102207429 / Expedia

數據科學與大數據分析
0 stars 0 forks source link

Highly Correlated Attributes #11

Open 102207429 opened 7 years ago

102207429 commented 7 years ago

I use R and find out the attributes which are highly correlated to price(our target). I think we should get rid of them, because they have no contribution to our prediction. (p.s. I've taken out the 17 attributes that are not in type numeric, and defined highly correlated as correlation coefficient > 0.8.) The result was 97 attributes left. I'll just use these 97 attributes to analysis if you think it's alright. Or maybe I can adjust the definition of "highly correlated"?

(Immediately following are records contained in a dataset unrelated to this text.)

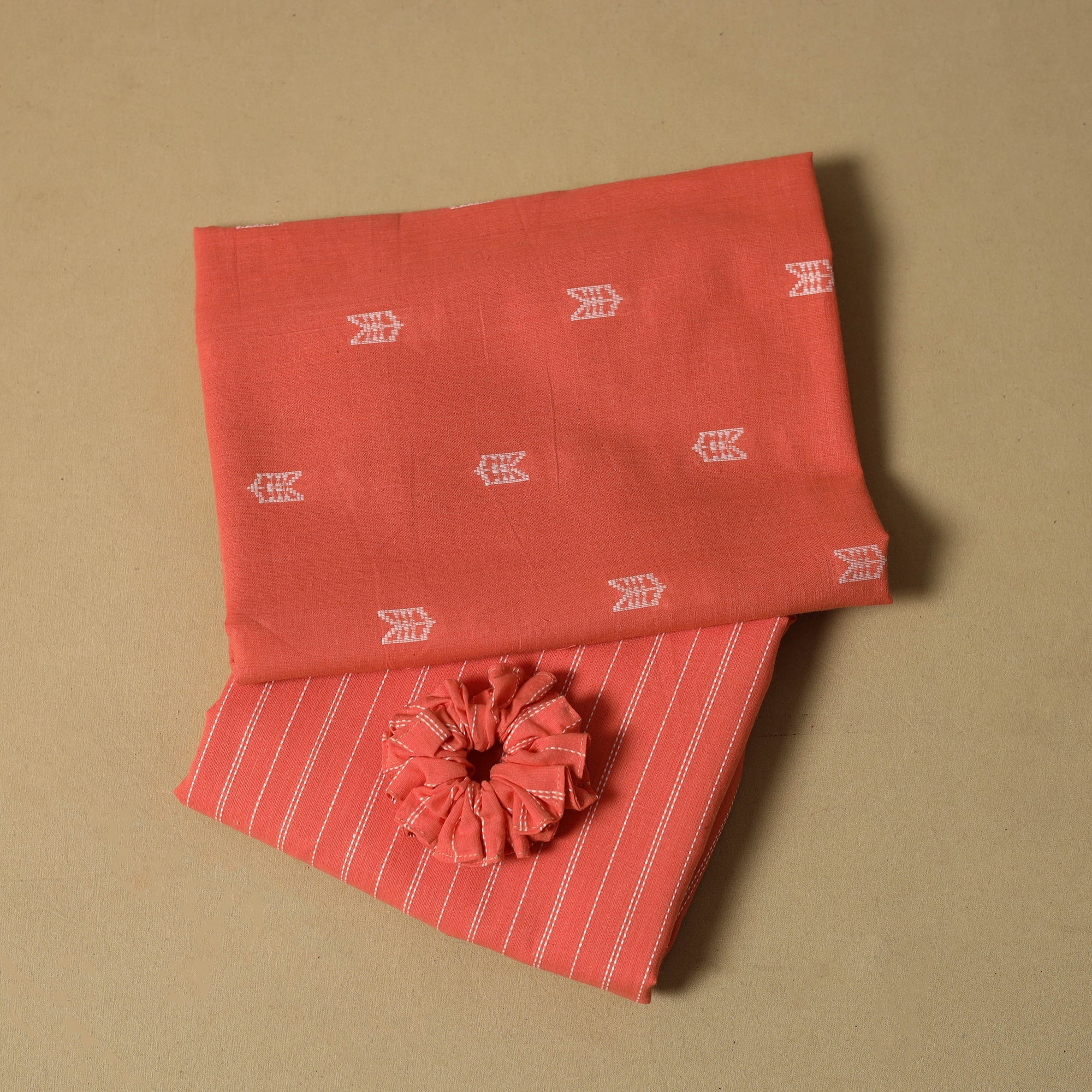 Pure cotton 2pc unstitched dress material is made using the jacquard weaving method where thread patterns are formed directly on the loom to create a textured design. The set includes kurta fabric and bottom fabric, along with matching handmade rubber band/scrunchie that adds a coordinated look. Easy to stitch and comfortable to wear, this set works well for daily wear and casual outings.
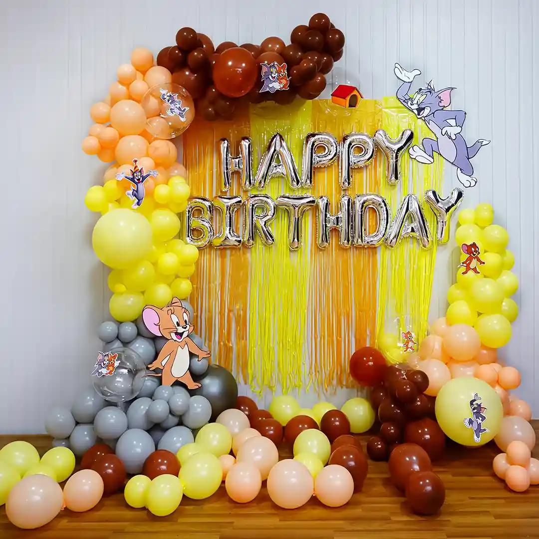 - Simply book this Tom with Jerry birthday decoration online from here. We provide this balloon decor service everywhere in Delhi & NCR.
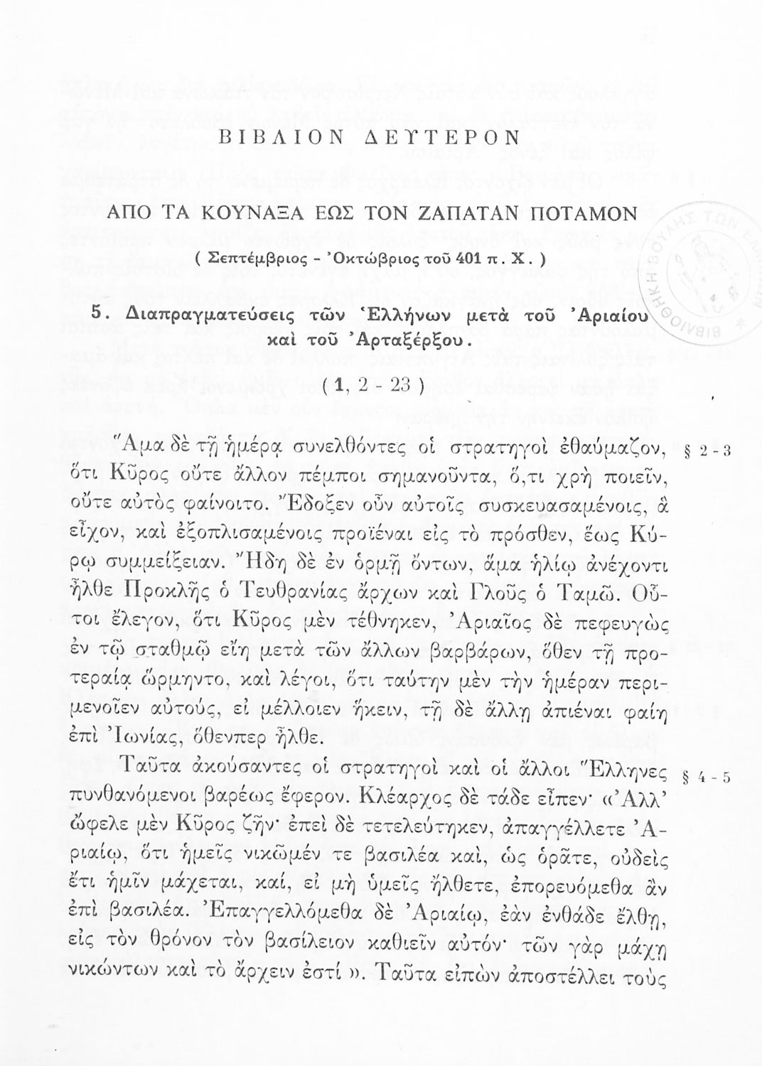 Σχολικό Εγχειρίδιο Αρχαίων Ελληνικών της Β' Γυμνασίου. Το βιβλίο αναφέρεται στο σύγγραμμα του Ξενοφώντα για την εκστρατεία του Κύρου κατά του Αρταξέρξη και κυρίως την κάθοδο ( επιστροφή) των Μυρίων. Στο ...
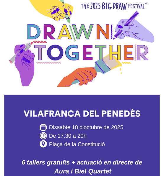 Vilafranca del Penedès celebrarà el dissabte 18 d’octubre la 10a edició del Festival Big Draw, la gran Festa del Dibuix, que enguany es concentrarà a la plaça de la Constitució i comptarà amb la música en directe d’Aura i Biel Quartet.
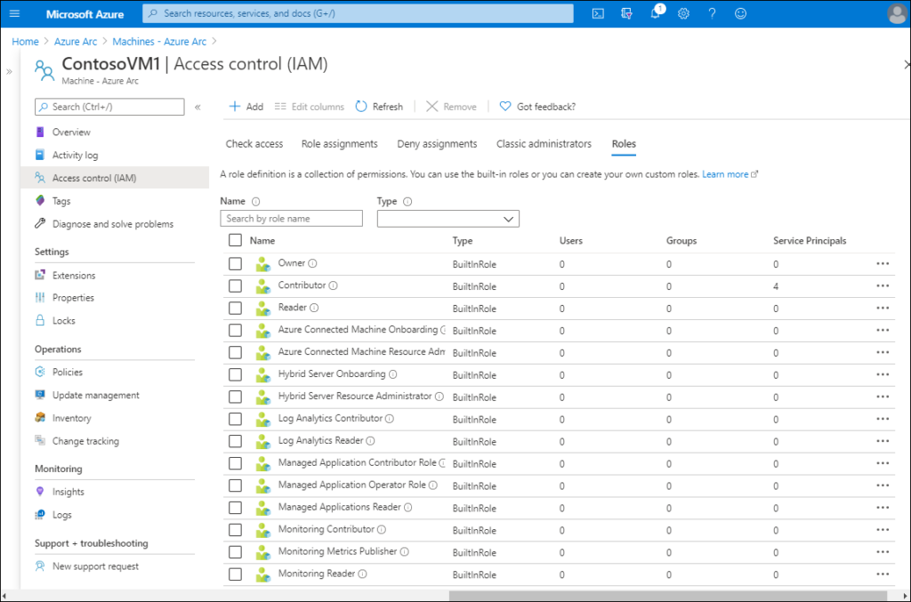 | Rôles | Dans l’onglet Rôles, vous pouvez affecter des comptes d’utilisateurs aux rôles intégrés. Vous ajoutez une affectation de rôle depuis la barre d’outils. En savoir plus : Ajouter ou supprimer des affectations de rôle Azure via le portail Azure. |

GregoryWu commented 7 years ago

In python, to find out the correlation between Y and each x can be done with: FeatureCorrelate = train.corr()["price_doc"]

May I know the 17 attributes you've taken out are all lowly correlated to Y? Did you combine features from training data set and macro data set together? When combine, the total number of features will be more than 300.

in terms of highly correlated features, I think we can group them to several groups, then use PCA to compress them. For instance, x1,x2,x3 are highly correlated, x4,x5,x6 are highly correlated. After applying PCA, x1,x2,x3 will become one feature and the other three become another feature.

May be you can send your R code, then I will try to write them into python:)

102207429 commented 7 years ago

oh, I've just used training data set. Should I use both of them combined?

Group them is a good idea. I've put my R code in the Code area in Github, maybe you can take a look at it. I filled the missing values first, then remove the redundant features. (here we can just group them instead of remove them) Finally I rank features by importance. (R runs really slowly here, maybe python can get more quickly)

GregoryWu commented 7 years ago

Yes! it's better to combine both of the files together, because economically, the real estate price is highly correlated with "macro data set".

How do you combine the redundant features with others?

I will check your code on Tuesday night. For more details, we will discuss on Wednesday.